When it comes to speaker simulation, I found plugins that try to 'model' near field monitors in a studio generally all suck. They end up sounding honky and canned. The only thing they accomplish is degrading the sound quality to the point of being useless for critical listening and mixing.

This applies to Realphones, ARC (VIRTUAL MONITORING), DeeSpeaker, SoundID, and Waves. ARC 4 is really good for correcting the headphones, but you should leave "Virtual Monitoring" set to OFF, to skip the speaker simulation. Realphones is the least bad of these at this, and it lets you dial in the amount of Environment/Ambience. You may be able to get away with a little mixed in, so long as you keep it well below 50%. It's still pretty useless and gimmicky, though.

Dear Reality and Waves both sound like you're listening to a far away recording of studio monitors through much crappier speakers. DeeSpeaker is like a muffled mono version of that. And it crashed Studio One. VHS was actually slightly better than any of those 3, but it also crashed Studio One.

For speaker simulation, you really just want to narrow the stereo image of bass frequencies, and leave the sound quality as untouched as possible, because it can only be made worse, not better.

Realphones does this well, and Redline Monitor was OK at it, as was my own homebrew using Studio One's Splitter plugin set to frequency split at 240 Hz with a mono-maker on the low end. But CanOpener Studio really stood out as truly excellent. It was by far the most natural and transparent option, along with Realphones. Neither the sound quality nor the tonal balance were altered by it. It just sounded 'right'. Neither SoundID nor ARC have bass narrowing capabilities built-in.

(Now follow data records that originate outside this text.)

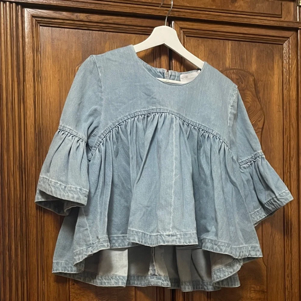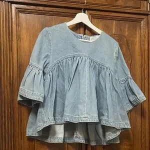 Stylish ASOS Design light blue denim top with ruffle sleeves and peplum waist. Perfect for fall. Can be paired with a sheer top underneath for contrast and worn with leggings or skirt. Zipper at back. Item is very stylish and can be worn multiple ways. Great quality.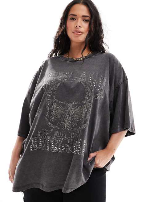 ASOS DESIGN Curve oversized t-shirt with hotfix skull rock graphic in washed charcoal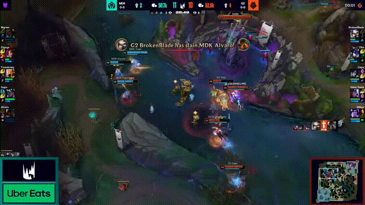 LEC:G2上单青钢影被MDK沙皇推进人群,但反手三杀锁定胜局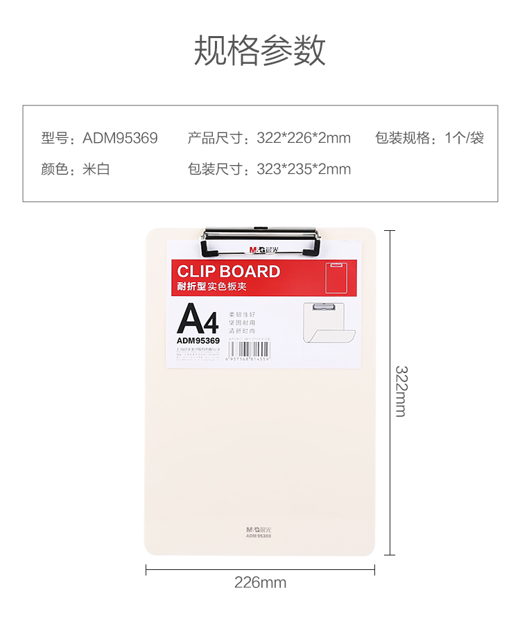 • 商品名称:晨光(M&G)ADM95369 耐折型A4板夹 书写垫板米白色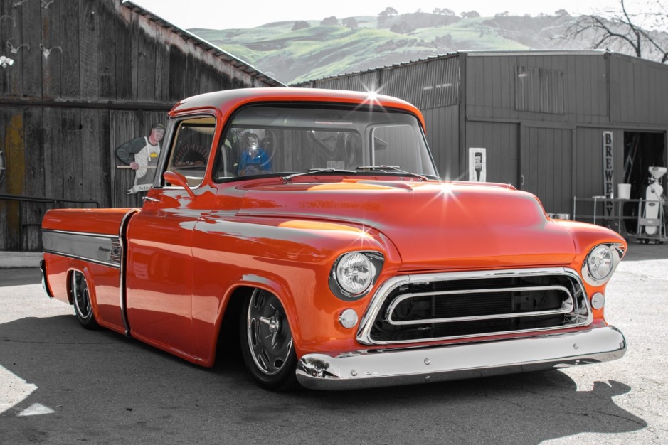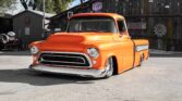This 1957 Chevrolet Cameo pickup has been refinished in orange over a tan interior with black accents and is powered by a 5.7-liter LS1 V8 paired with a 4L60E four-speed automatic transmission. The truck underwent a refurbishment prior to the seller’s acquisition in 2019, and modifications performed in 2021 are said to have included installation of a custom four-link Air Lift Performance suspension, a Holley Sniper EFI intake manifold and throttle body, a custom-built wood-lined raised bed floor,…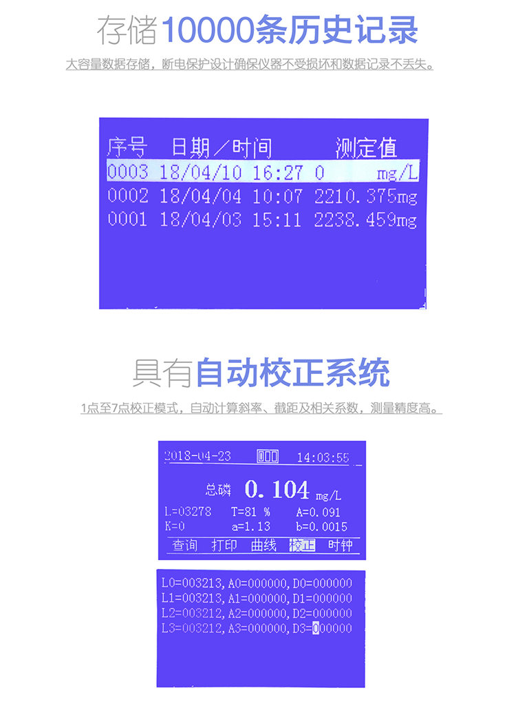 2.校 準(zhǔn):1-7點(diǎn)校正模式,自動校正曲線值;

So, for the absolute best results, I would recommend:
  • CanOpener Studio + ARC 4 with your own profile.
    You can of course also correct your studio monitors+room with ARC.
  • Next best would be CanOpener Studio + Morphit.
    Good choice to save a little bit of money and hassle if you have no use for ARC's room correction.
  • Realphones is close behind these options.
    It has the benefit of being a complete solution on its own.
  • None of the others are recommended.